In your copy, set down the entries exactly and exclude the pictures.
=== Begin Enclosure ===
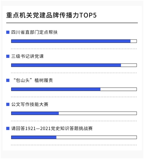 近年來(lái),四川省直各部門(mén)(單位)結(jié)合自身優(yōu)勢(shì)、特點(diǎn)以及四川地域特點(diǎn),成功打造多個(gè)能夠代表四川機(jī)關(guān)黨建形象、展現(xiàn)四川機(jī)關(guān)黨建良好風(fēng)貌的品牌活動(dòng)。2019-2021年間,通過(guò)數(shù)據(jù)分析發(fā)現(xiàn),傳播力最好的五個(gè)品牌活動(dòng)分別是“定點(diǎn)幫扶”“三級(jí)書(shū)記講黨課”“包山頭”植樹(shù)履責(zé)、公文寫(xiě)作技能大賽和“請(qǐng)回答1921—2021”黨史知識(shí)答題挑戰(zhàn)賽。
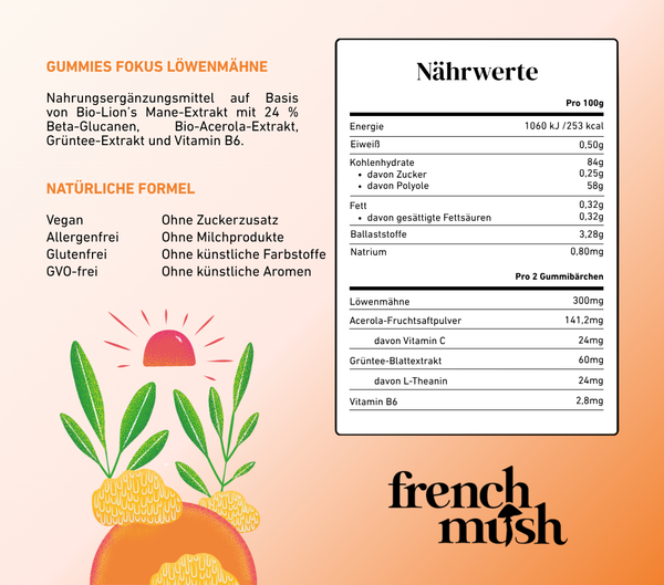 - Die Gummibärchen liefern 300 mg biologischen Lion’s Mane-Extrakt pro Portion, angereichert mit anderen natürlichen Wirkstoffen für eine vollständige und synergetische Wirkung.
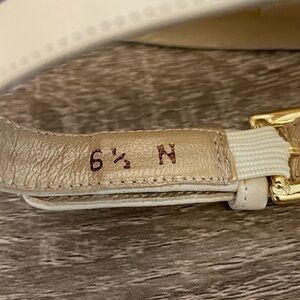 These vintage wedge sandals from Stuart Weitzman are unreal cute. The upper is a translucent rubber material. Bow on the peep toe with a cute tortoise shell style buckle. Buckle strap around the back of the heel. These are in great preowned condition; there is a bit of damage on the right heel (see last pic) but this isn't visible when you're wearing them and doesn't affect wear. This vintage pair has SO much life left!! Size 6.5 NARROW.
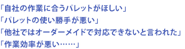 現状お使いのパレットに不満をお持ちの方、オーダーメイドのパレットをご希望の方は、ぜひ大幸紙工にご用命ください。
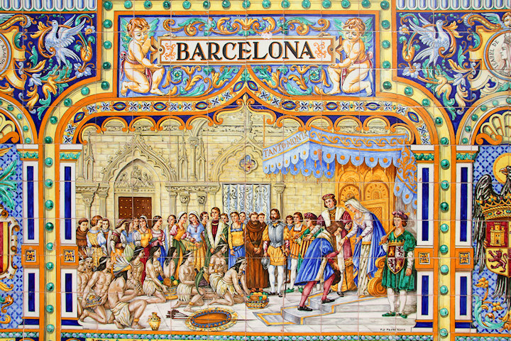 "Strefa Barcelony" wśród ceramicznych dekoracji na Plaza de Espana
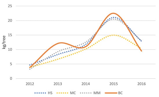 The cumulative yield from 2012–2016 was similar for the HS, MM, and BC systems and was significantly higher compared to the MC system (Table 1). The crop efficiency index was significantly higher for both HS and BC than for MC. It corresponded to the highest values, which were observed in HS and BC plots, while the lowest was noted for MC (Table 1). It was observed that the BC treatment had a negative effect on the uniformity of fruiting between years; thus, it contributes to biennial bearing. The biennial bearing index was significantly lower under MC in comparison to BC (Table 1, Figure 3).
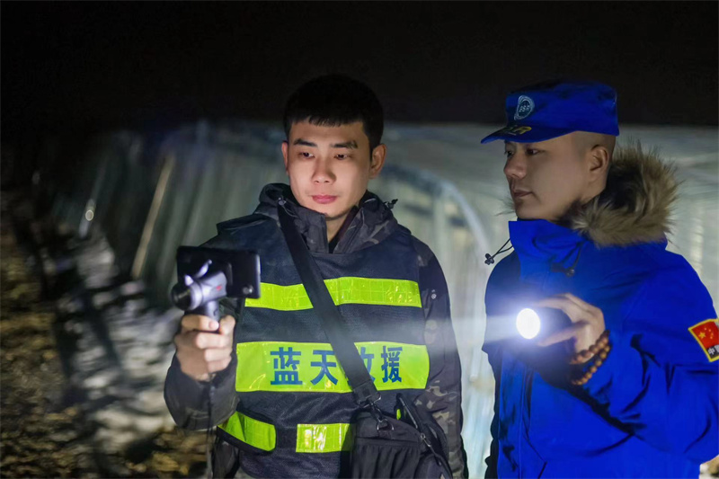 李蓋(右),樂亭縣藍天救援隊隊員;常光鵬(左),樂亭縣藍天救援隊隊員。
=== End Enclosure ===
Response box
 近年來(lái),四川省直各部門(mén)(單位)結(jié)合自身優(yōu)勢(shì)、特點(diǎn)以及四川地域特點(diǎn),成功打造多個(gè)能夠代表四川機(jī)關(guān)黨建形象、展現(xiàn)四川機(jī)關(guān)黨建良好風(fēng)貌的品牌活動(dòng)。2019-2021年間,通過(guò)數(shù)據(jù)分析發(fā)現(xiàn),傳播力最好的五個(gè)品牌活動(dòng)分別是“定點(diǎn)幫扶”“三級(jí)書(shū)記講黨課”“包山頭”植樹(shù)履責(zé)、公文寫(xiě)作技能大賽和“請(qǐng)回答1921—2021”黨史知識(shí)答題挑戰(zhàn)賽。
 - Die Gummibärchen liefern 300 mg biologischen Lion’s Mane-Extrakt pro Portion, angereichert mit anderen natürlichen Wirkstoffen für eine vollständige und synergetische Wirkung.
 These vintage wedge sandals from Stuart Weitzman are unreal cute. The upper is a translucent rubber material. Bow on the peep toe with a cute tortoise shell style buckle. Buckle strap around the back of the heel. These are in great preowned condition; there is a bit of damage on the right heel (see last pic) but this isn't visible when you're wearing them and doesn't affect wear. This vintage pair has SO much life left!! Size 6.5 NARROW.
 現状お使いのパレットに不満をお持ちの方、オーダーメイドのパレットをご希望の方は、ぜひ大幸紙工にご用命ください。
 "Strefa Barcelony" wśród ceramicznych dekoracji na Plaza de Espana
 The cumulative yield from 2012–2016 was similar for the HS, MM, and BC systems and was significantly higher compared to the MC system (Table 1). The crop efficiency index was significantly higher for both HS and BC than for MC. It corresponded to the highest values, which were observed in HS and BC plots, while the lowest was noted for MC (Table 1). It was observed that the BC treatment had a negative effect on the uniformity of fruiting between years; thus, it contributes to biennial bearing. The biennial bearing index was significantly lower under MC in comparison to BC (Table 1, Figure 3).
 李蓋(右),樂亭縣藍天救援隊隊員;常光鵬(左),樂亭縣藍天救援隊隊員。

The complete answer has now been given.